*** Begin section ***

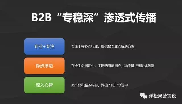这就很值得反思了,对于ToB业务来说,需要把基于企业降本增效的痛点做到足够深入,并提供针对行业的专业解决方案。首先要保证产品和业务有竞争优势,之后的营销才更有价值,“专稳深”的渗透式传播也才能给企业增长带来更好的效果。
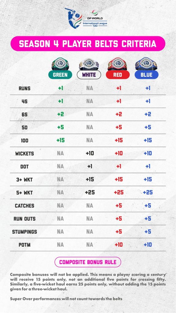 Dubai, 11 December 2025: The race for the four iconic belts — the Green (Best Batter), White (Best Bowler), Red (Most Valuable Player), and Blue (Best UAE Player) — is officially underway at the DP World International League T20 Season 4. With the competition in full swing, players across all six teams are eyeing these prestigious honours, adding an extra layer of intensity to every outing. The tournament has already thrilled fans, delivering a series of nail-biting encounters, including the first Super Over in the league’s history.
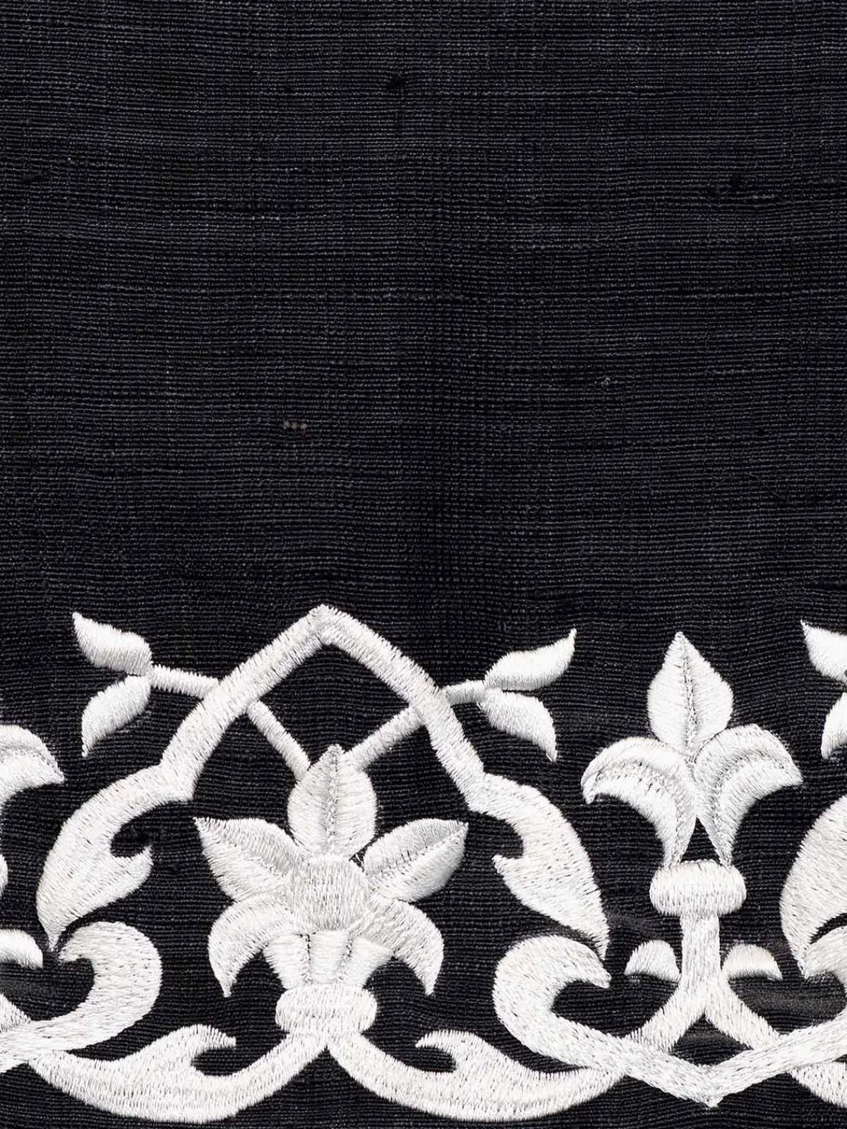 Our De Castro Laura Trousers boast a high waist silhouette with wide legs, back welt pockets, and contrast embroidery at the hem. Handcrafted by artisans in India.
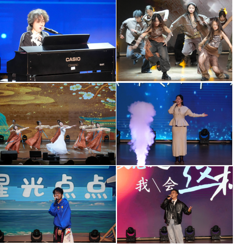 第二篇章里,街舞《Hey Law》动作有力、节奏鲜明,以肢体语言呐喊青春态度;弹唱《泡沫》旋律细腻,演绎出浮华之下的纯粹情感;古典舞《寤佣》气韵深远,在虚实之间勾勒东方哲思;流行歌曲串烧《青春组曲》串联时光碎片,引发全场青春共鸣。
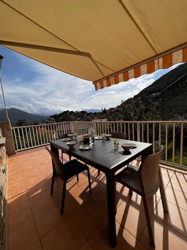 Outdoor dining - CASA PURRUSSONI Apartment in stone house (Levie)
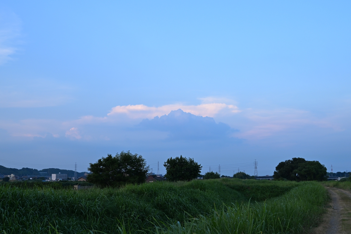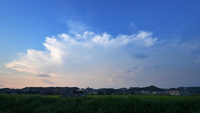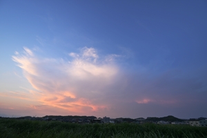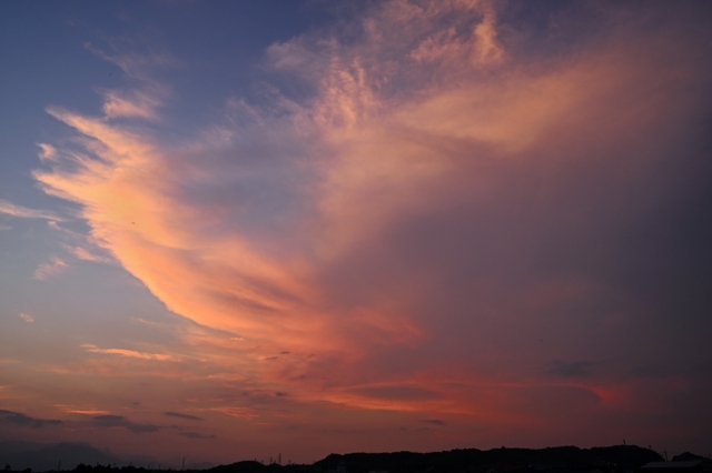 今日も最高気温(桑名)が37.0℃の猛暑日。 そして、午後に鈴鹿山脈の亀山方面で積乱雲。 夕方には、飛騨方面と京都方面の積乱雲から大きく 広がるかなとこ雲が夕焼けに染まっていきました。 |
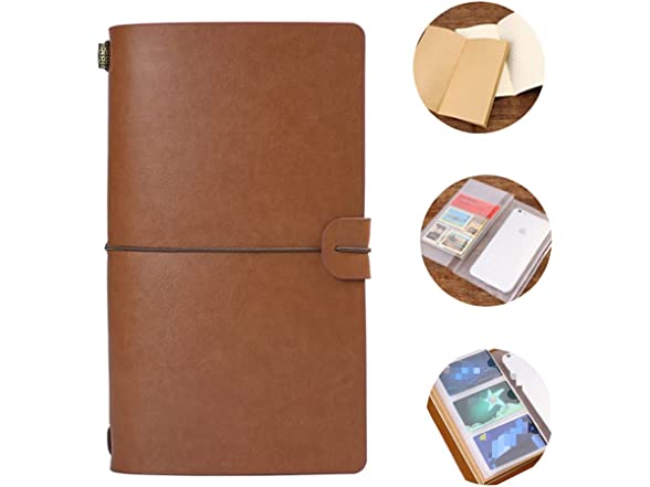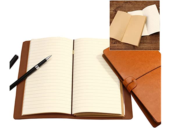 PU Leather Travel Notebook Refillable Journals Lined Paper A6 Diary Planner Writing Notepad Pocket Note Book for Men & Women,Brown
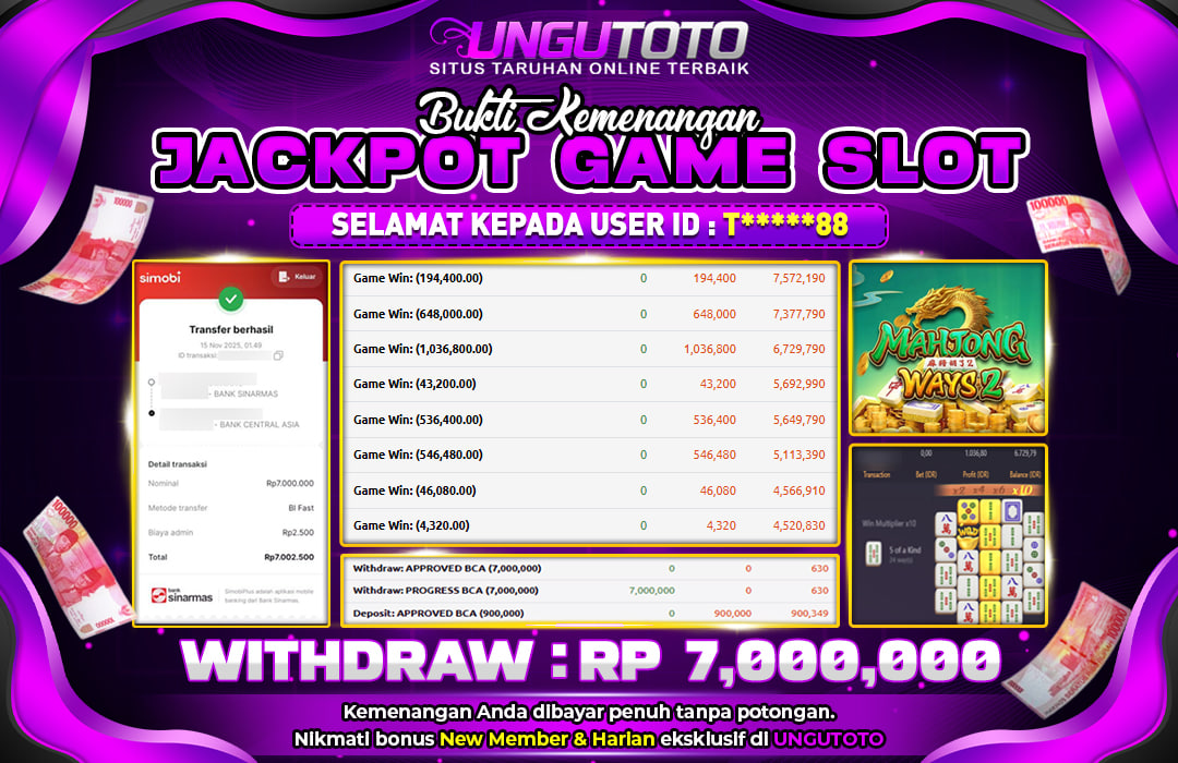 UNGUTOTO JACKPOT MAHJONG WAYS2 Rp.7.000.000 LUNAS
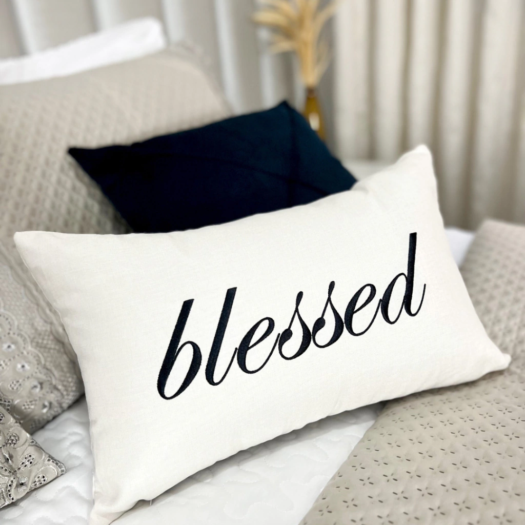 Além de embelezar o ambiente, a capa de almofada em linho bordado 'Blessed' também traz um significado profundo. Perfeita para presentear alguém especial ou até mesmo para si mesmo, ela é uma lembrança constante de gratidão e positividade.
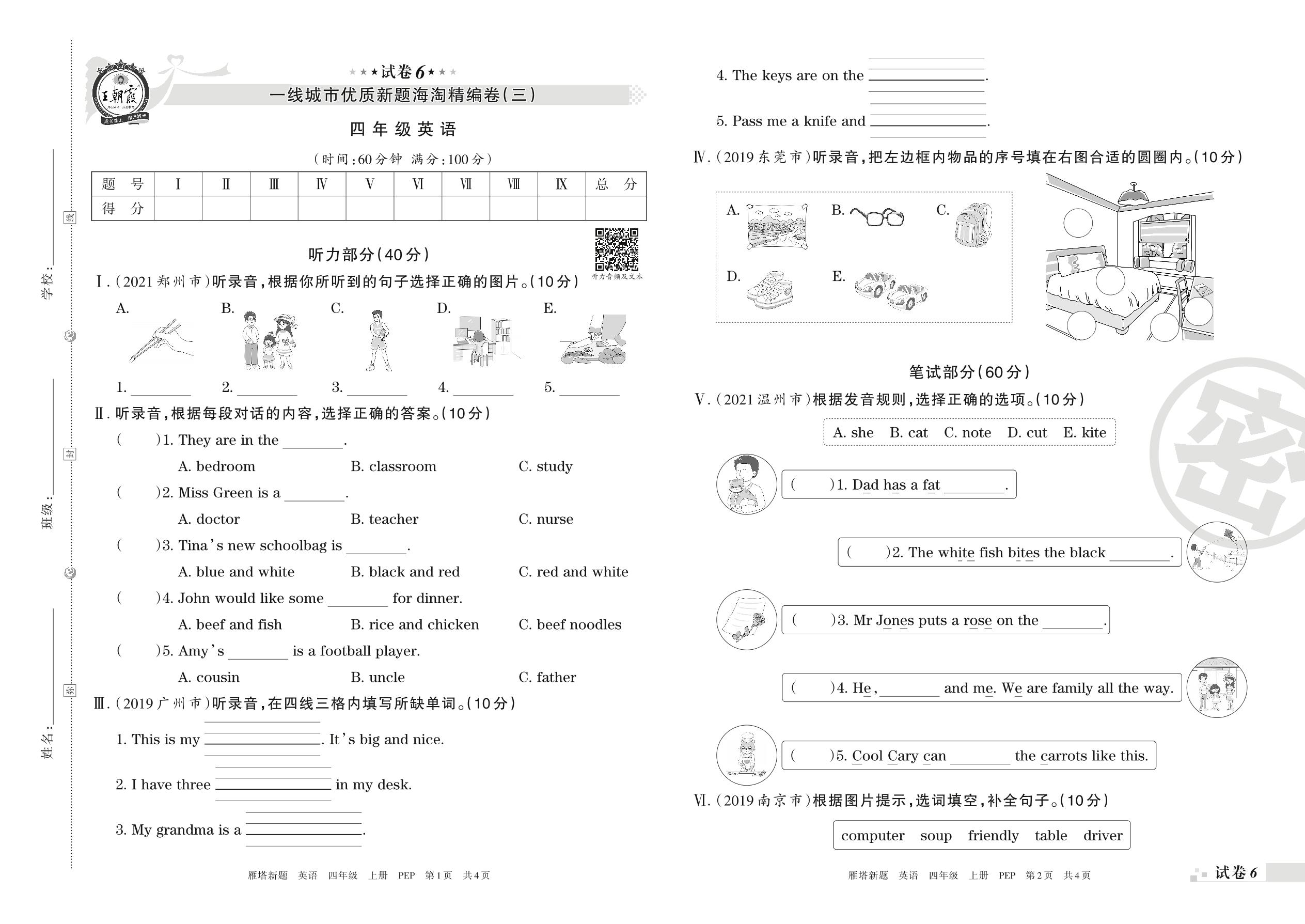 一线城市优质新题海淘精编卷(三)四年级上册英语(人教PEP版)【6】
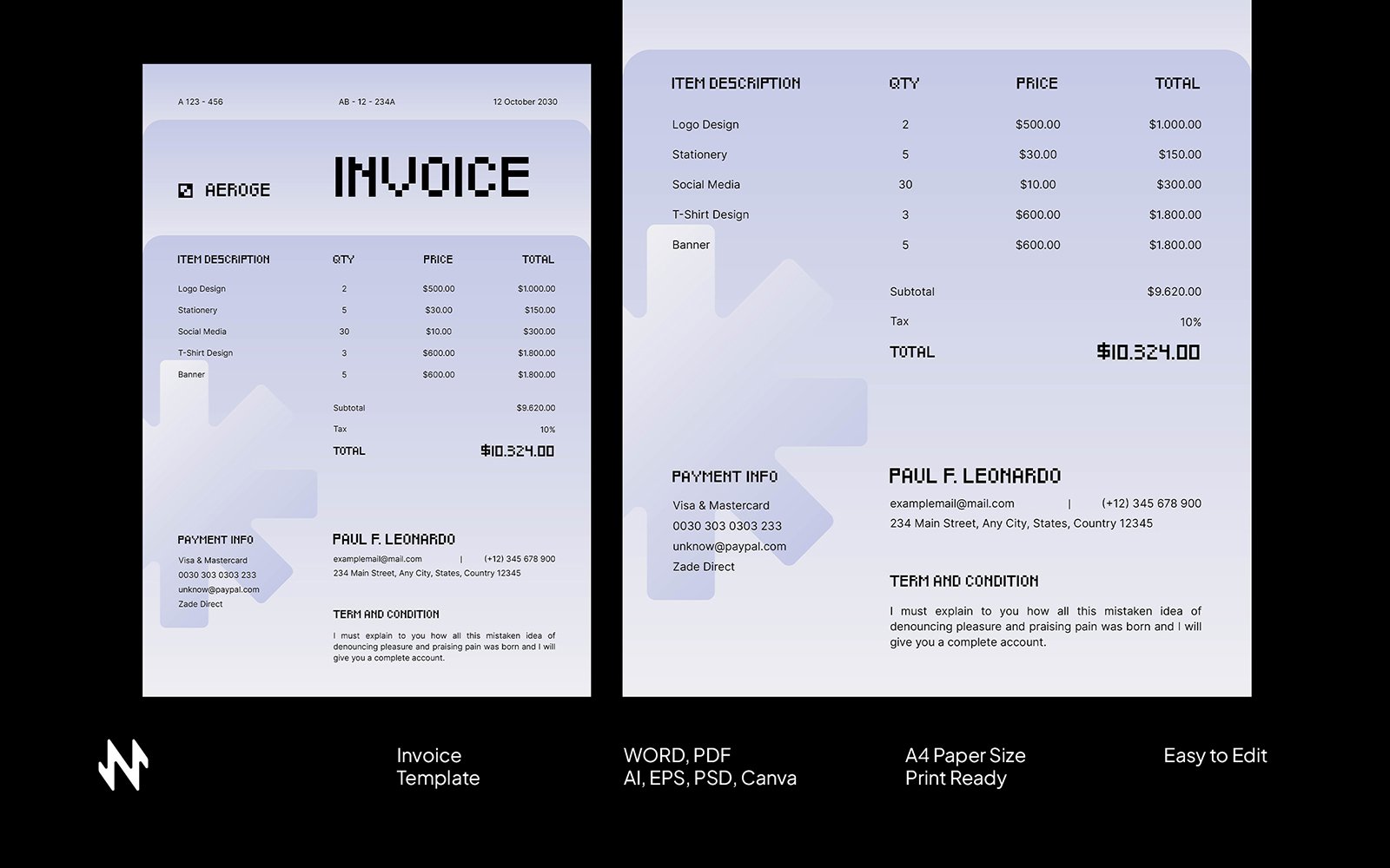 Invoice is an important document that should be owned by a business owner issued to the buyer. It’s a proof for sale transaction, indicating the products, quantity, agreed prices, payment method, etc. Every business needs this invoice template to fulfill its obligations on tax. As a professional in your business, of course you will need it to complete your company document. This invoice ready in many formats and easy to edit

*** End section ***

TASK DESCRIPTION:
The lines to reproduce run from the line containing "一线城市优质新题海淘精编卷(三)四年级上册英语(人教PEP版)【6】" through the last line of the records above, both included. Copy them exactly and drop the pictures.

EXERCISE RESULT:
 一线城市优质新题海淘精编卷(三)四年级上册英语(人教PEP版)【6】
 Invoice is an important document that should be owned by a business owner issued to the buyer. It’s a proof for sale transaction, indicating the products, quantity, agreed prices, payment method, etc. Every business needs this invoice template to fulfill its obligations on tax. As a professional in your business, of course you will need it to complete your company document. This invoice ready in many formats and easy to edit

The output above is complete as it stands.